I spent much of this last odd year in my head, prodding moments nearly half a century old. I know the where and when in broad strokes but have lost some feel for intimacy. Names and numbers of days was never a strong suit for me, no more clue back then. I rebuild with what I know now, the spark of memory, and the feel of the day. Before long I should likely forget all of it. Nothing to see here. Always, all as you were told. You should take their word for it…as all our children surely will.

Do not trust your eyes. I will wander along the way,

I graduated high school in 1971. University is next. That is what you do. You go to school to make something of yourself. You follow your passion, or that of others, and try it on as your life.

Decades fly past, and chasing a dropped cufflink on your knees, fumbling beneath the dresser, it feels less solid now, more video than truth. The past begs attention. How can it be so long ago so soon? A mid game pause that wonders how you came this way. A vignette that concerned me. To arrive and lose the how and why of steps I made.

What do I want to be? I was very good at many things, but not exceptional at any. And every day less certain of what skills I truly held.

Indecision chose appetite and curiosity. Life will show me something new. I will see what I can find. There would be no university in the 70’s.

I worked at a foundry, then a machine shop. I recall very few precise dates. It was an urgent time in life when a day lasted weeks and a month was forever. Neither job held for very long, both left for petty reasons, and warned by one to not use as a reference. One bridge burned for one adventure. Time will prove that the going rate.

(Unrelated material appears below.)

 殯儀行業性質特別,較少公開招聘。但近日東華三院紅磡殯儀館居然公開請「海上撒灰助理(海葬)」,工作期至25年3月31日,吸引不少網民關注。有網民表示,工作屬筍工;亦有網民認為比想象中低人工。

School became interesting again. In general, still no path to take. The only goal was not acquiring debt for an uncertain, or unfinished result. I would as likely walk away as walk across the stage. I needed a workable alternative. The GI Bill seemed a good answer. Invest a bit of time, and perhaps discover what I should be when I am free to be.

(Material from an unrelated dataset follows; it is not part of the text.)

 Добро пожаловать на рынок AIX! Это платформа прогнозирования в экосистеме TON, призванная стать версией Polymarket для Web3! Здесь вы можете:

I’ve found the family name in nearly every military conflict for the country. I did not know that in the 70’s. I knew my parents, whose word I took without question. Whose sparse stories were fact to me. Who met one another in Bremerton after the war and spoke like fellows trapped in the American dream of a better life.

As a family we served. My grandfather in World War 1. My father in World War 2. His brother, whose name I carry, in Korea. The only family legacy I’ve found, passed from generation to generation, was to serve and struggle.

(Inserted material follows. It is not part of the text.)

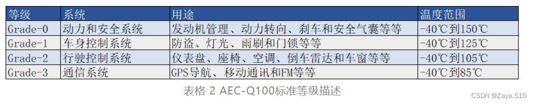 ①AEC(automotive electronics council)汽车电子协会中Q100(针对集成芯片的要求)中grade-1要求,温度范围-40~125℃;
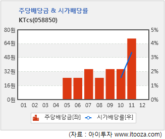 KTcs는 배당 매력도 있다. 이 회사는 지난해 주당 배당금으로 100원을 책정했다. 이는 전년 대비 30원 늘어난 수준으로, 시가배당률은 4.3%다. KTcs는 2005년부터 배당금을 꾸준히 지급해왔으며, 특히 2011년엔 주당 배당금 규모가 전년 대비 2배 이상 커지기도 했다. 배당성향도 2009~2010년 11%에서 2011년 15%, 지난해 22%로 올라갔다.

Inside the Kansas City induction center, it was November, cold crowded lines of shivering boys in boxers and briefs. Every step and station hard, slow, deliberate, and effective.

Finally, standing in front of a doctor, poking me…breathe…again…deep breath. He made a few notes, listened to my chest a third time, and motioned a colleague over to confer. He informed me I had a heart murmur, stamped a 4F on my record and pointed me to the waiting area for the bus home. I shivered my way through the door carrying my clothes to the empty wait.

It was dark. Every trip on that bus. Or is it just me. Is the dark on me, my memory makes it so? What do I make of this, of me? Every door open and shut at once. No commitment, no word to honor, but no direction, no plan, and the Army didn’t want me. Didn’t want me. That changed things.

The Army was a vehicle to pay for education; but not wanting me lent it grace and nobility. Making it the secret club I couldn’t join were I allowed in. Something irrational with unworthy the primary color, I was stunned. Not even the Army?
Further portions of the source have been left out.